Traverser la nuit
Je remercie les Editions du Rivages/Noir pour l'envoi de cette nouvelle lecture.
Hervé Le Corre
Louise a une trentaine d’années. Après la mort accidentelle de ses parents, elle a dérivé dans la drogue et l’alcool. Aujourd’hui elle vit seule avec son fils Sam, âgé de 8 ans, sa seule lumière. Elle est harcelée par son ancien compagnon qui, un jour, la brutalise au point de la laisser dans un état grave. Il blesse aussi grièvement la meilleure amie de Louise. L’enquête est confiée au groupe dirigé par le commandant Jourdan, qui ne reste pas insensible à Louise. Parallèlement un tueur de femmes sévit, pulsionnel et imprévisible, profondément perturbé.
Au cœur de ces ténèbres et de ces deux histoires, Jourdan, un flic, un homme triste et taiseux, qui tente de retrouver goût à la vie...
Ma chronique :
Un polar noir et sombre, où l’on avance lentement, sans surenchère avec le commandant Jourdan qui n’a plus vraiment la tête à ce qu’il fait, vraiment le cœur n’y est plus. Le tueur en série qui écume Bordeaux et sa région, fait à nouveau parler de lui lorsque l’on retrouve le corps sans vie d’une jeune femme. Jourdan est désabusé, il a perdu la niaque et ne croit plus en rien. Après l’alcool, la drogue, Louise est juste dans la survie avec un petit boulot d’aide à domicile épuisant qui lui permet à peine de se maintenir la tête hors de l’eau et de s’occuper du soleil de sa vie, son petit garçon Sam. Mais c’est sans compter sur son ex, qui continue à les terroriser et à la battre. Toute l’intrigue va se jouer autour de ces trois personnages et l’auteur les met en scène tel un joueur d’échec, en plaçant ses sujets jusqu’à l’ultime tragédie. On ne peut nier une plume quasi poétique alors que l’histoire qu’il a choisi de nous raconter pourrait être tirée de l’actualité, la violence des hommes envers les femmes. Pourtant dans cette traversée de la nuit, il nous semble apercevoir comme le bout du tunnel. Un polar qui nous place face à la noirceur des hommes, de la vie, lorsque les choses ont « mal tournées », certains partent à la dérive et font des ravages sur leur passage. Le destin n’épargnera personne, l’auteur y veille et souffle sur les braises de la tragédie à venir. A la lecture de la vie de Louise, avec tous les détails réalistes j’ai souvent eu une boule de tristesse dans le cœur, il y a de l’émotion, du courage et de la désespérance. L’auteur sait appuyer là où cela nous fera mal avec une précision et une justesse qui ne laisseront personne indifférent. Bonne lecture.
Citations :
– La vie ? Depuis quelque temps je m’y accroche comme à une bouée percée. Comme on s’accrochait l’un à l’autre hier soir. Et Lidia dérive sur un océan désert, entre le ciel et l’eau, sans rien pour s’orienter à part moi. Et ça m’épuise de nager près d’elle. Et je vois pas ce que je pourrais faire d’autre… Au moins, je suis avec elle.
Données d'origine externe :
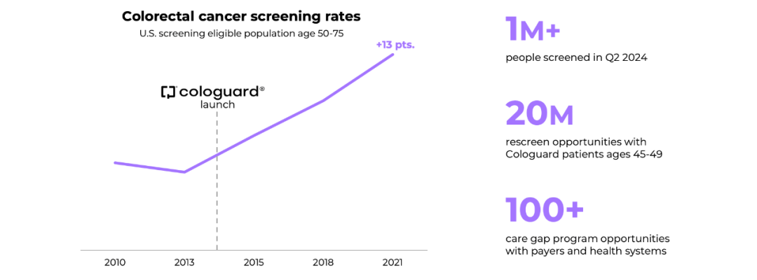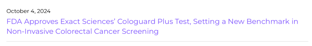 “十年磨一剑”的升级,推开的是下一个十年的星辰大海 故事的起点是3月14日。 当天,NEJM首次同时发表了两项重磅的肠癌早筛研究。 ECLIPSE和BLUE-C 四个月后的7月29日,ECLIPSE率先开花结果 ——Guardant Health的血检肠癌筛查产品Shiled获FDA批准 又过了两个月的10月4日,BLUE-C也终于修成正果 ——Exact Sciences宣布Cologuard Plus获得FDA批准,用于45岁以上平均风险人群的肠癌筛查。 这一天,距离Cologuard首次获批已经过去了十年。

Il imagine à cet instant toutes ces saletés qui sortent des corps, retenues pendant la nuit, et il sait bien que les humains se défont de leur fange, se purgent de ce qu’ils ont accumulé des heures durant, résultat de toutes leurs activités de la journée, puisque c’est à ça qu’ils se résument, de molles machines à fabriquer de la merde, il sait bien, lui, que tout le jour ils vaqueront sous leur masque avenant, drapés, enrobés dans leurs habits, déguisés en êtres civilisés, travestis pour le grand carnaval sordide, grands singes savants, guenons rusées, tâchant de dominer leur état de rut permanent, leur violence, leurs rêves de puissance, leurs envies de meurtre, ces pulsions d’animaux qu’ils nomment amour, désir, ambition, ces mots qu’ils utilisent comme du papier hygiénique pour torcher leurs turpitudes. Tous les matins ils vidangent la fosse septique qu’ils s’appliquent à remplir chaque jour, heure après heure, en feignant d’ignorer ce qui macère en eux.
Ses yeux bleu nuit, profonds et pénétrants, sa bouche toujours boudeuse capable de sourires solaires, renversants. La beauté de cette femme qui l’avait saisi dès qu’il l’avait vue. Il se riait des coups de foudre de cinéma ou de romans, des apparitions qui éblouissent, des regards qui se croisent et nouent aussitôt un lien à toute épreuve.